Rudniy Alex, Geller James, Song Min
NJIT, Newark, NJ.
AMIA Annu Symp Proc. 2010 Nov 13;2010:697-701.
Expansion of the UMLS is an important long-term research project. This paper proposes Shortest Path Edit Distance (SPED) as an algorithm for improving existing source-integration and auditing techniques. We use SPED as a string similarity measure for UMLS terms that are known to be synonyms because they are assigned to the same concept. We compare SPED with several other well known string matching algorithms using two UMLS samples as test bed. One of those samples is SNOMED-based. SPED transforms the task of calculating edit distance among two strings into a problem of finding a shortest path from a source to a destination in a node and link graph.

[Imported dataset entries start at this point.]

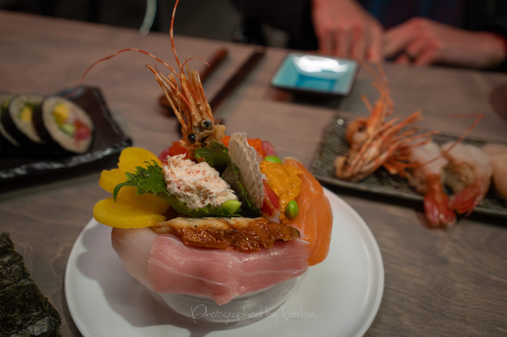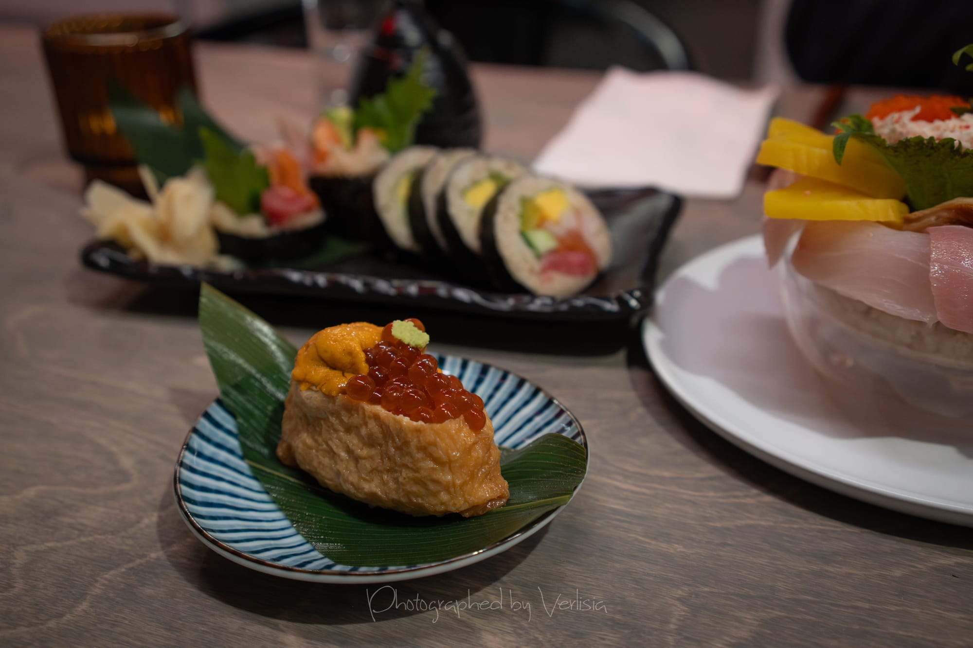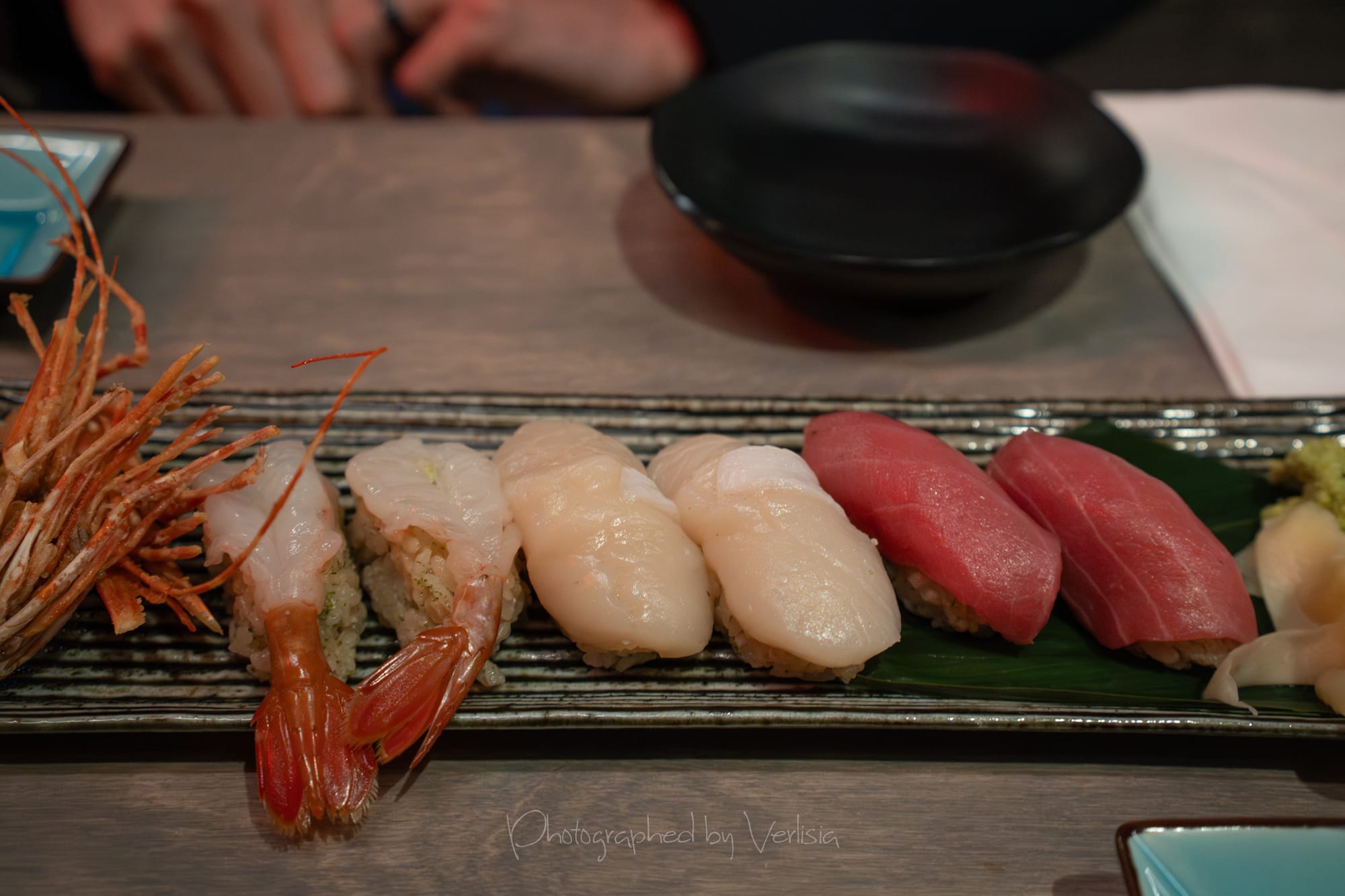 Nigiri - Ama-Ebi, Akami, Hokkaio Hotate; Uni Ikura Inari; Sake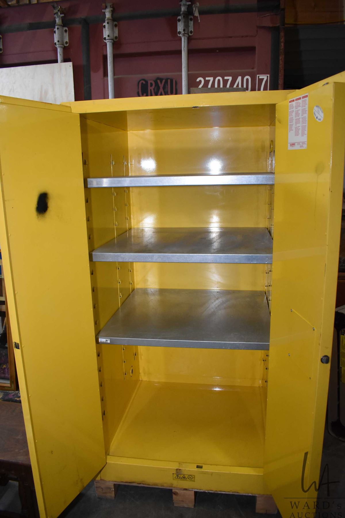 Justrite two door cabinet for flammable items storage, 65"H X 34" W X 34" D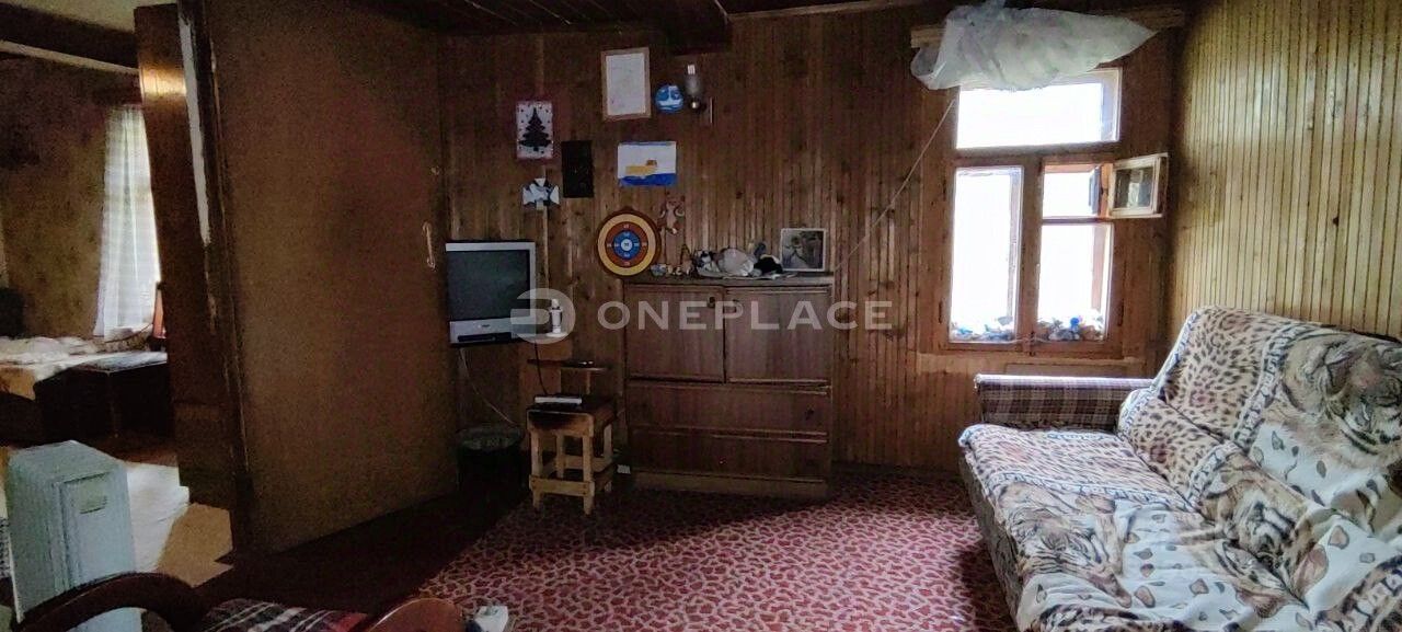 Общая информация: - Адрес: Россия, Ленинградская область, Кингисеппский район, Фалилеевское сельское поселение, деревня Домашово, 56. - Год постройки: 1990. - Материал постройки: бревно. - Этажность: 1 этаж. - Комнатность: 3 комнаты. - Общая площадь: 39,5 кв. м. - Площадь участка: 8 соток. - Высота потолков: 2,65 м.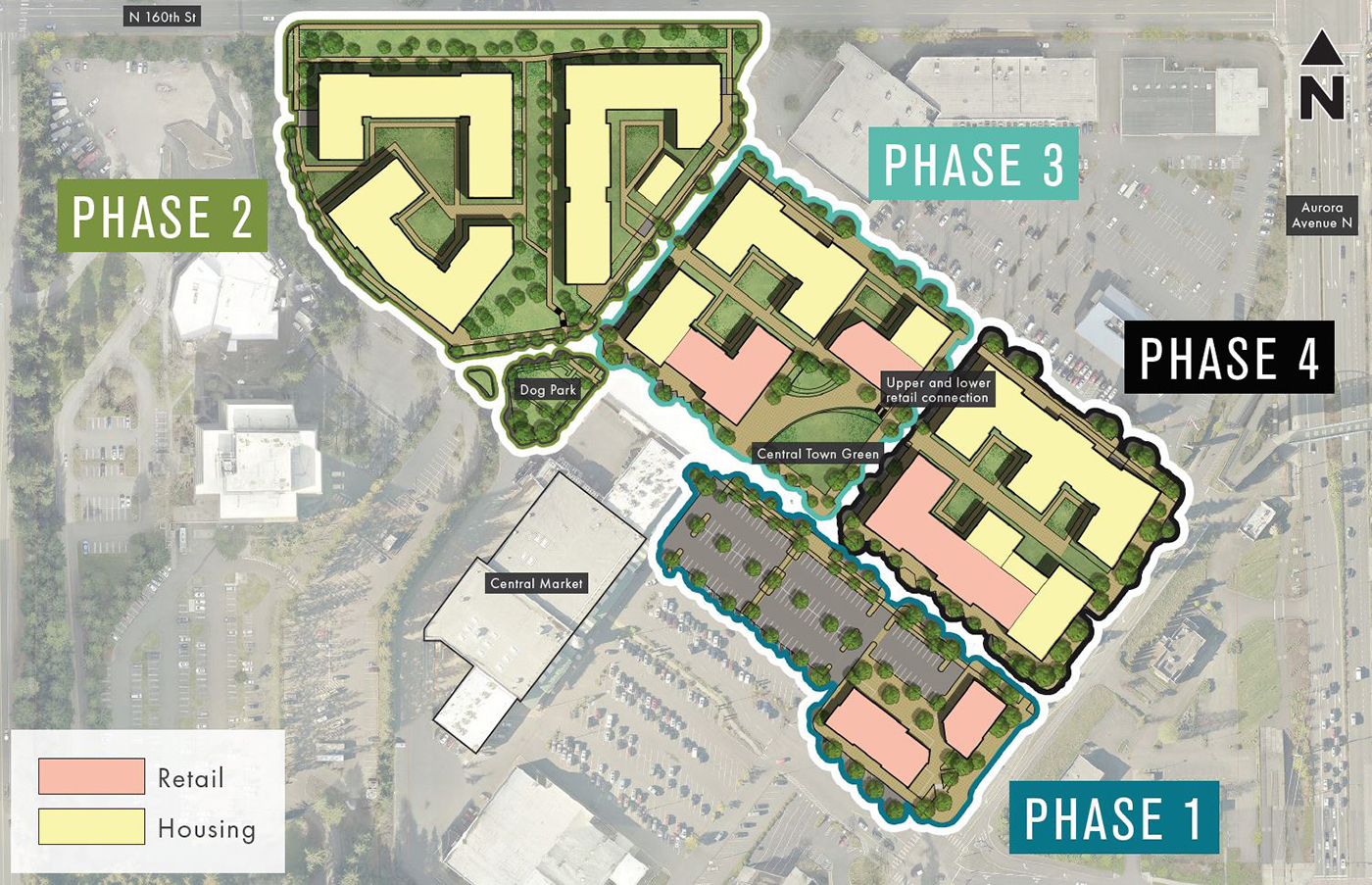 That roughly 70-acre trapezoid had been anchored since 1967 by the Sears at 15711 Aurora Ave. N. But the recession, rise of Amazon and retail apocalypse all led the city toward an optimistic mixed-use redevelopment vision: a new urban village, also to be called Aurora Square.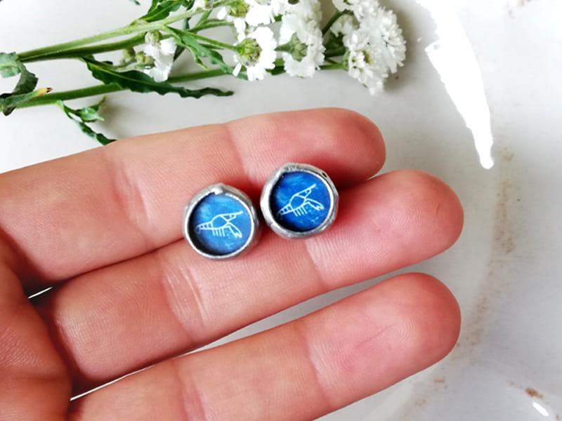 Kolczyki wkrętki z wizerunkiem langusty (symbol "Langusty Na Palmie" Ojca Adama Szustaka). Rustykalna oprawa wykonana z ekologicznej cyny w kolorze srebrnym. Średnica kolczyka to ok. 1 cm. Biżuteria w 100% wykonana ręcznie, poszczególne sztuki mogą się minimalnie różnić.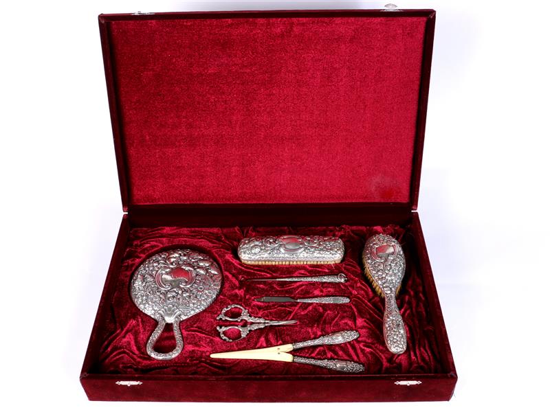 İNGİLİZ İMALAT DAMGALI. 7 PARÇA. GÜMÜŞ KABARTMA İŞÇİLİKLİ. İNİSİYALLİ. ORİJİNAL KUTUSUNDA.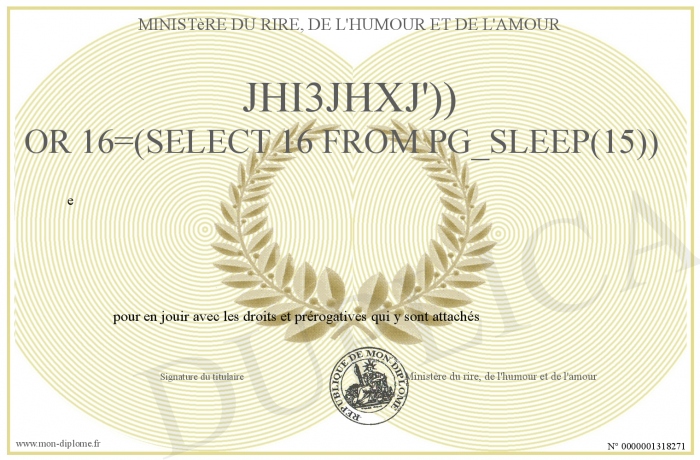 Envoyez par email votre jHi3JhxJ')) OR 16=(SELECT 16 FROM PG_SLEEP(15)) personalisé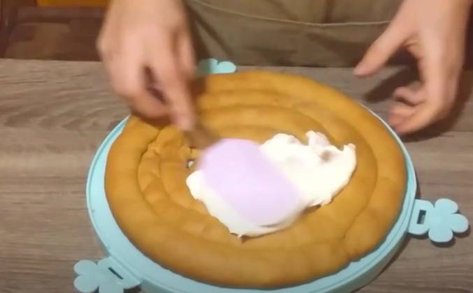 3. Так формирует 3 коржа. Вот так вот выглядят готовые коржи конечно же им необходимо дать полностью остыть. Теперь приготовлю крем. Здесь используется крем самый обычный это сметана сахарной пудрой. Но сметана должна быть жирной и хорошего качества, только тогда она хорошо взобьётся и будет прекрасный крем. Добавляю сахарную пудру, здесь же у меня и ванилин, немного размешаю и взобью. Крем готов. Черный шоколад я растопила в микроволновке импульсами по 10 секунд, каждый раз хорошо перемешивая. поместила его в кондитерский пакетик, сделала небольшое отверстие и нарисую цветы. Отправляю их в холодильник, чтобы они охладились и стали твердые. Когда коржи полностью остыли, можем продолжать собирать торт.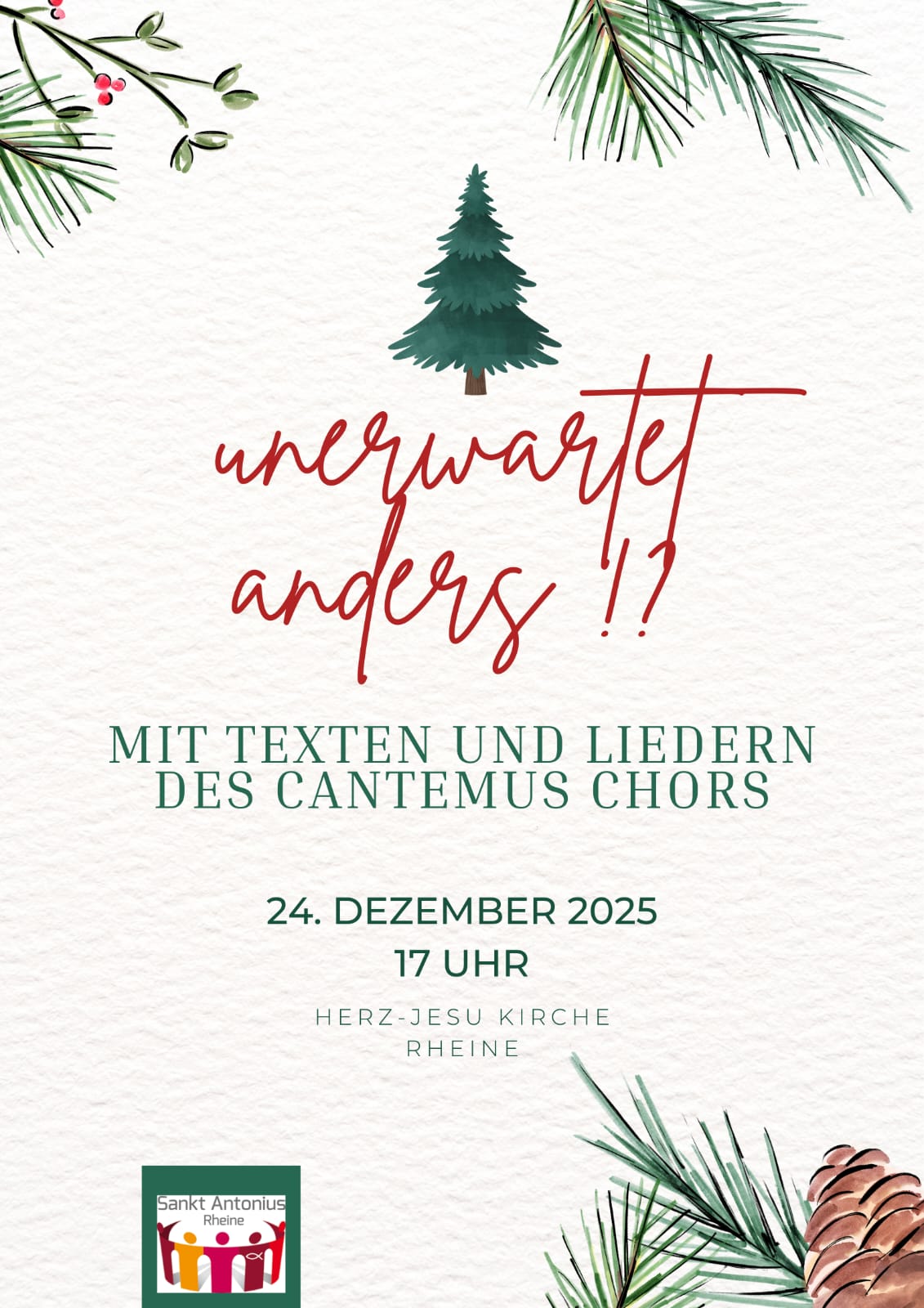 Am 24. Dezember um 17 Uhr feiern wir in der Herz-Jesu-Kirche einen besonderen Gottesdienst unter dem Motto „Unerwartet anders!?“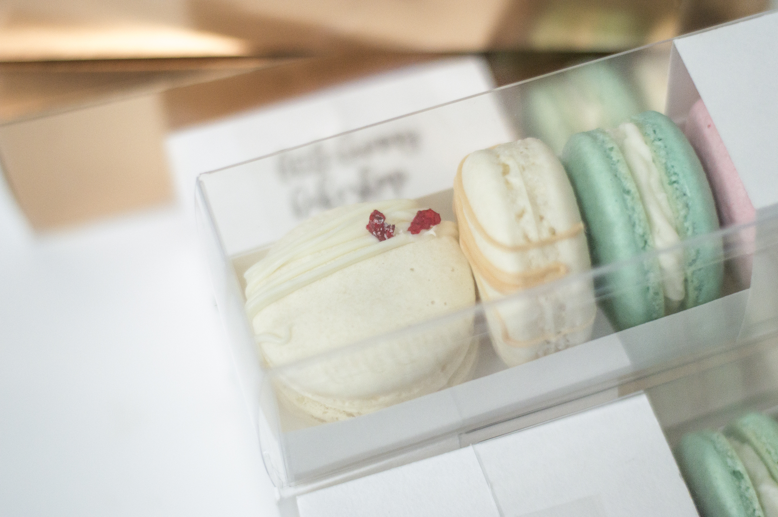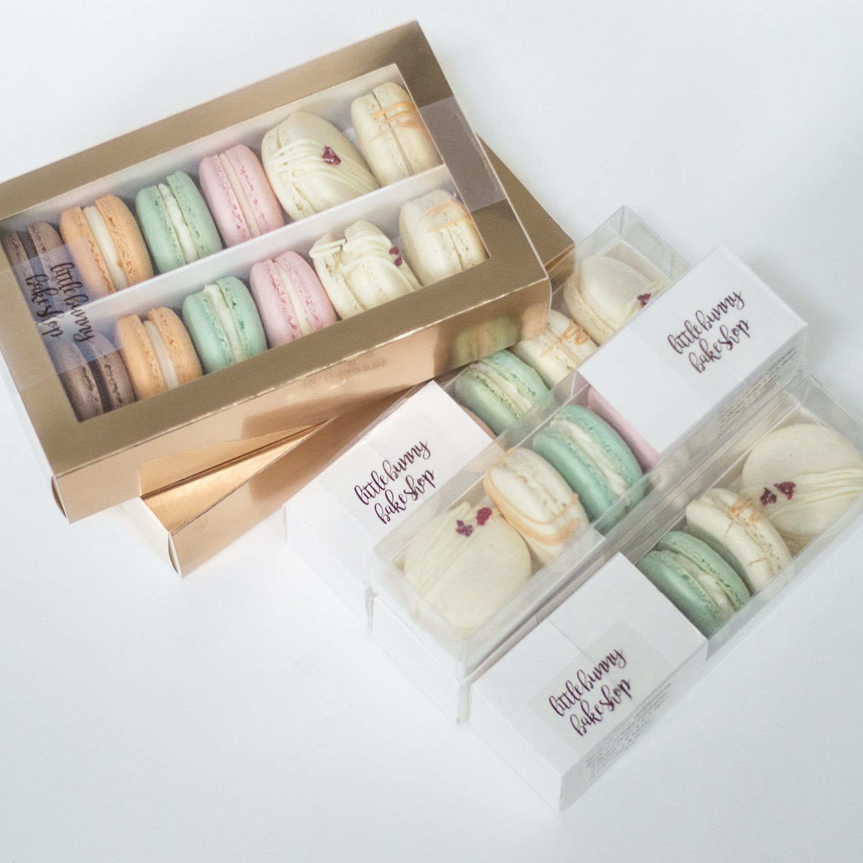 Giftable clear boxes hold 2 macarons/ package. Minimum order of 6 boxes, 2 flavours. Discount for larger orders.

In the algorithm, the two strings are used to construct the graph. The Pulling algorithm is applied to find a shortest path, which determines the string similarity value. SPED was superior for one of the data sets, with a precision of 0.6.
统一医学语言系统(UMLS)的扩展是一项重要的长期研究项目。本文提出最短路径编辑距离(SPED)算法,用于改进现有的源整合和审核技术。我们将SPED用作UMLS术语的字符串相似性度量,这些术语已知是同义词,因为它们被分配到同一个概念。我们使用两个UMLS样本作为测试平台,将SPED与其他几种著名的字符串匹配算法进行比较。其中一个样本基于SNOMED。SPED将计算两个字符串之间编辑距离的任务转化为在节点和链接图中从源到目标找到最短路径的问题。在该算法中,使用两个字符串构建图。应用拉取算法找到最短路径,该路径确定字符串相似性值。对于其中一个数据集,SPED表现更优,精度为0.6。